Contestations of Memory in Southeast Asia apply new theoretical literature on social memory to remembered events in Burma, Laos, Vietnam, Malaysia, Singapore, the Philippines and Indonesia. Highlighting connections between theorizing based on European examples and unresolved memory issues in East and Southeast Asia, the authors show how comparative study of the interpenetration of politics and lived bodily experience, of communal and personal memories, and of dominant and suppressed narratives, can yield insights into the human potential to become either perpetrators, victims or bystanders. This volume marks the arrival of “memory” as an analytical category and “memory studies” as a field of inquiry in the nation-building and identity politics of post-colonial Southeast Asia. What are the stakes involved in the invocation of memory, since the “memory boom” began in the 1980s in relation to several studies being done in Europe, the United States, South America and South Africa?
In placing this question at the very beginning of their Introduction, the editors delineate the central line of inquiry the papers are to follow: how have the new nation-states in Southeast Asia worked at fabricating hegemonic narratives of national being against which the marginalized memories of excluded social groups and traumatic collective events struggle to find a voice, and a place, in public memory. In this regard, the volume itself bears testimony to a history of memory in the region. The prominence of Singapore and Indonesia as “case-studies” in the volume is no coincidence. The watershed events of 1997/1998 and their profound undermining of the hitherto authoritarian regimes which had kept a tight grip on their version of the past, authenticated as “history”, opened the space for other stories to be told and for “memory” to emerge.

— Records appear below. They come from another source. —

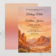 This design features a Canyon Desert wedding theme showcasing a portrait of rocky mountains with a sunset view on the background. Rustic boho vibes, earthy tones, and elegant calligraphy, it’s perfect for outdoor, southwest, or sunset-themed weddings This invitation can be easily edited with your wedding details.
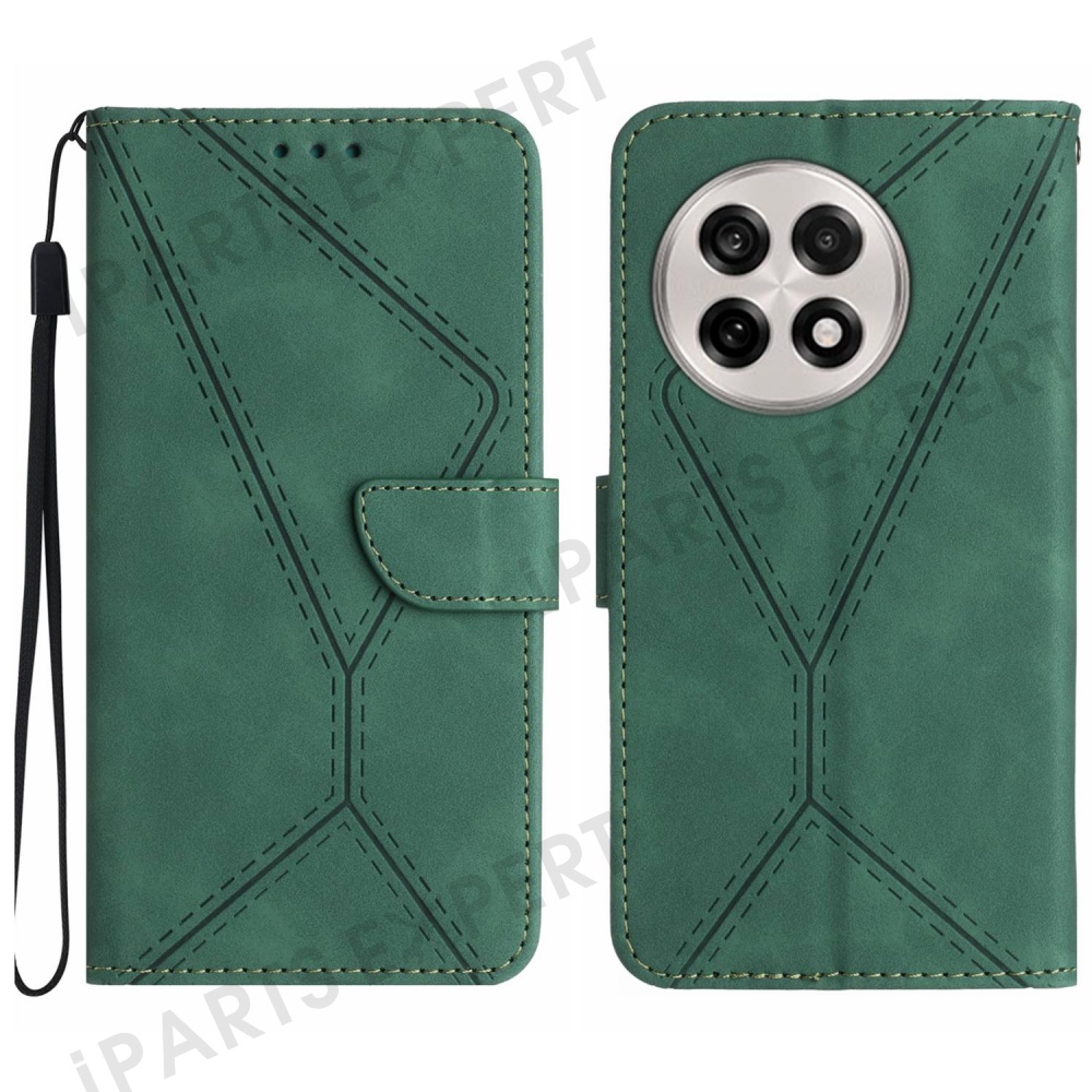 For OnePlus 13R 5G Case Skin Touch Lines Imprinted PU Leather Flip Phone Cover - Green
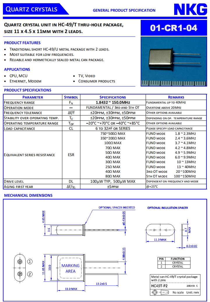 NKG晶振|01-CR1-04-25M000-T20-2030M-EXT|HC-49U插件晶振,香港晶振品牌,NKG晶振,01-CR3-04進口晶振,HC-49U插件晶振,01-CR1-04-25M000-T20-2030M-EXT晶振,石英晶體諧振器,無源晶振,11x4.5x11mm晶振,頻率25MHz,負載20pF,工作溫度-40~85°C,頻率容差20pm,高質(zhì)量晶振,高精度晶振,低老化晶振,調(diào)制解調(diào)器晶振,消費類電子產(chǎn)品晶振,CPU晶振,家用電視機頂盒晶振.
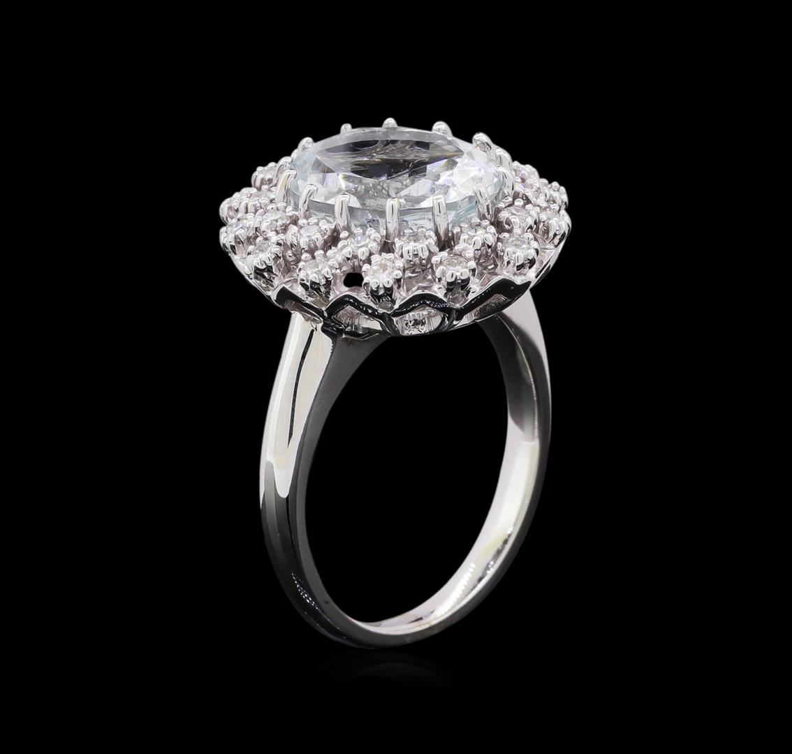 One ring featuring: 14KT white gold weighing 7.37 grams containing one aquamarine weighing 4.55ct and diamonds weighing 0.45ctw.

The editors frame the subject matter with an extensive review of the theoretical literature, exploring such issues as memory and identity formation, the impact of traumatic memory, the transmission of social memory, and the contingencies of the nation-state as they relate to established and remembered historical narratives. While the editors’ discussion provides an expansive survey of the field, their attempt to demonstrate the breadth of the subject (delving extensively into European cases of trauma and memory, for example) sometimes takes their focus away from the exceptional nature of Southeast Asia. Nevertheless, this broad approach yields to tighter focus in the volumes subsequent chapters, which provide a firm geographical grounding to the volume.
Broadly, this book examines two overarching themes: first, the nature of social memory, and particularly its transmission through institutional and governmental entities, and, second, the ways in which social memories “work against the grain of hegemonic narratives”. Contestations of Memory in Southeast Asia provides a fine addition to any library. Its contributors’ deft use of theoretical and empirical data comes together in an intriguing look at memory, postcoloniality, and the ongoing process of nation-building in Southeast Asia. It would be an appropriate volume for both undergraduate and graduate courses, as well as a valuable item of reference for those interested in social memory, nationalism, postcoloniality, or identity and trauma in Southeast Asia.